#### [Problem requirements]
Your copy of the entries must be exact, and it must not include the pictures.

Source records
-*-*-

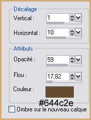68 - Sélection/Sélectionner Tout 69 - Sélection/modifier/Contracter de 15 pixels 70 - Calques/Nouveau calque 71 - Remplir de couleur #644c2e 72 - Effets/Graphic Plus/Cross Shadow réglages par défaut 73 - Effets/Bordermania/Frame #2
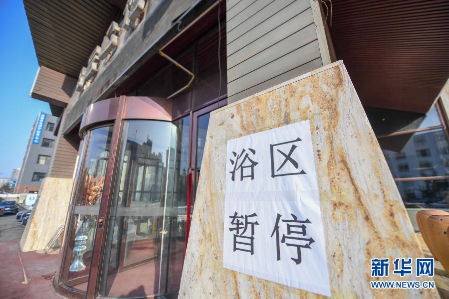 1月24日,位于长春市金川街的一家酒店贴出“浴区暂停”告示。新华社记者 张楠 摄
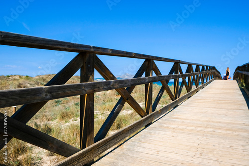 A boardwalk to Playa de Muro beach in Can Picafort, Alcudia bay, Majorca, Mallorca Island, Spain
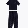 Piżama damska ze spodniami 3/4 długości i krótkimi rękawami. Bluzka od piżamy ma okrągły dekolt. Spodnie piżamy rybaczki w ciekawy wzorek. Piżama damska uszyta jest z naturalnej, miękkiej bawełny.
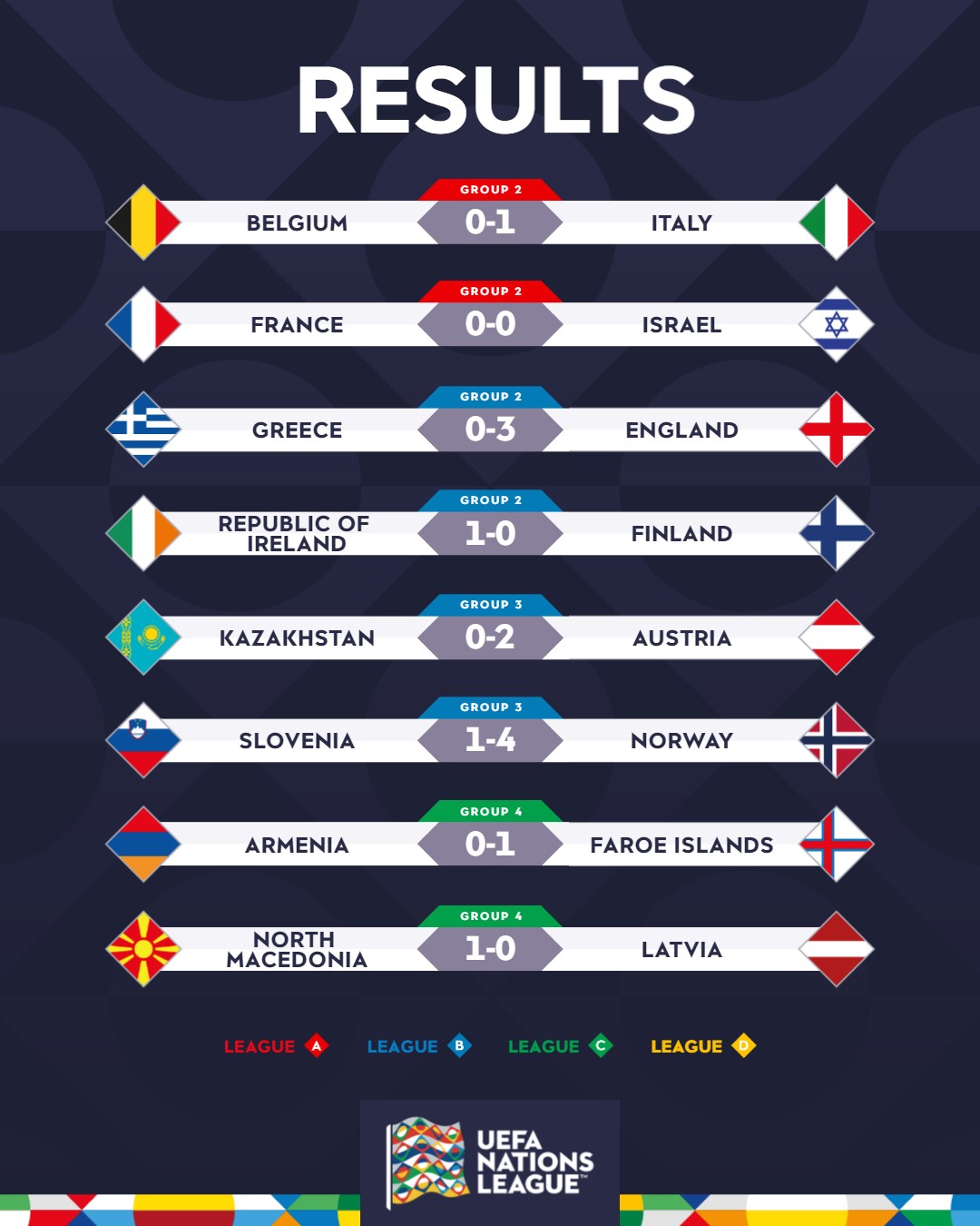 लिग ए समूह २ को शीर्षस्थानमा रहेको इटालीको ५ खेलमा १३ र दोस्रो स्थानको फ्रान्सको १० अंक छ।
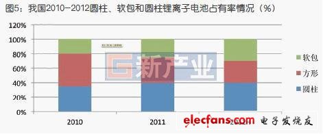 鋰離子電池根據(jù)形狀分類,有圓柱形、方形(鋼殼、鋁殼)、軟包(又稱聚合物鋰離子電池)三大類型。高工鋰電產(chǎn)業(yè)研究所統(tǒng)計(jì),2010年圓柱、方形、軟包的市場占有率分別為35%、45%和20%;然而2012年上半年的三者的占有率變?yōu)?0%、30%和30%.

-*-*-

#### [Response to the exercise]
68 - Sélection/Sélectionner Tout 69 - Sélection/modifier/Contracter de 15 pixels 70 - Calques/Nouveau calque 71 - Remplir de couleur #644c2e 72 - Effets/Graphic Plus/Cross Shadow réglages par défaut 73 - Effets/Bordermania/Frame #2
 1月24日,位于长春市金川街的一家酒店贴出“浴区暂停”告示。新华社记者 张楠 摄
 A boardwalk to Playa de Muro beach in Can Picafort, Alcudia bay, Majorca, Mallorca Island, Spain
 Piżama damska ze spodniami 3/4 długości i krótkimi rękawami. Bluzka od piżamy ma okrągły dekolt. Spodnie piżamy rybaczki w ciekawy wzorek. Piżama damska uszyta jest z naturalnej, miękkiej bawełny.
 लिग ए समूह २ को शीर्षस्थानमा रहेको इटालीको ५ खेलमा १३ र दोस्रो स्थानको फ्रान्सको १० अंक छ।
 鋰離子電池根據(jù)形狀分類,有圓柱形、方形(鋼殼、鋁殼)、軟包(又稱聚合物鋰離子電池)三大類型。高工鋰電產(chǎn)業(yè)研究所統(tǒng)計(jì),2010年圓柱、方形、軟包的市場占有率分別為35%、45%和20%;然而2012年上半年的三者的占有率變?yōu)?0%、30%和30%.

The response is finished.